リンクをコピーしました

  • Facebook
  • Twitter
  • LINE
  • このエントリーをはてなブックマークに追加
  • もっと見る

仏花で知られるアスターの花|特徴や育て方・切り花を長持ちさせるコツを紹介

スタッフ

カインズ How to 園芸編

カインズ How to 園芸編

カインズ・スタッフ自らが実践した情報満載。動画で見る「カインズ How to」の園芸関連のコンテンツを文字起こししています。

仏花として知られるアスターの花は、自宅でも栽培できます。小ぶりな花が咲く、可憐なアスターの栽培を楽しみましょう。ここでは、アスターの花を育てたい人に向け、アスターの特徴や育て方、切り花を長持ちさせるコツなどを解説します。

名前が似ている宿根アスターとの違いや、区別する方法も紹介するため参考にしてください。

アスターの基本情報

ピンク色のアスターの花

キク科、エゾギク属のアスター(学名:Calistephus chinensis 英名:China aster)は、お盆に仏花として重宝されます。

アスターは江戸時代から各地で栽培され、地域に由来する蝦夷菊(エゾギク)、薩摩菊(サツマギク)、チャイナアスターなどの別名が生まれました。

原産地

中国北部原産のアスターは、耐寒性と耐暑性がよく、園芸初心者でも育てやすい植物です。

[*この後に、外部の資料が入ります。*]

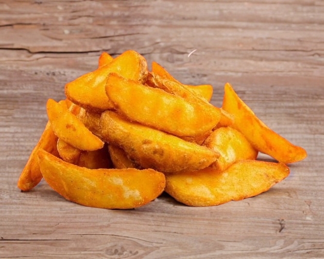 Deliciosas papas gajos, cubiertas de crujiente capeado, acompañados con aderezo ranch.

アスターは苗の状態で冬を越すため、成長中の株を寒さから守る必要があります。

屋外に苗を置く場合は霜対策が必要です。

品種改良の経緯

アスターは、江戸時代の中盤に日本にもたらされました。さまざまな品種改良がなされた結果、花の色や形、大きさ、株のサイズなどのバリエーションが拡大しました。

華やかなアスターはヨーロッパに輸出され、19世紀のフランスでは大ブームを起こしています。アスターの品種については、のちほど詳しく紹介します。

アスターの花の特徴

青色のアスターの花

アスターの花の特徴について、花の色やサイズ、開花時期などについて紹介します。

花の外観

アスターはポンポン咲きや、八重咲きなどのふんわり丸いタイプもあれば、マーガレットに似たフラットな一重咲きタイプもあります。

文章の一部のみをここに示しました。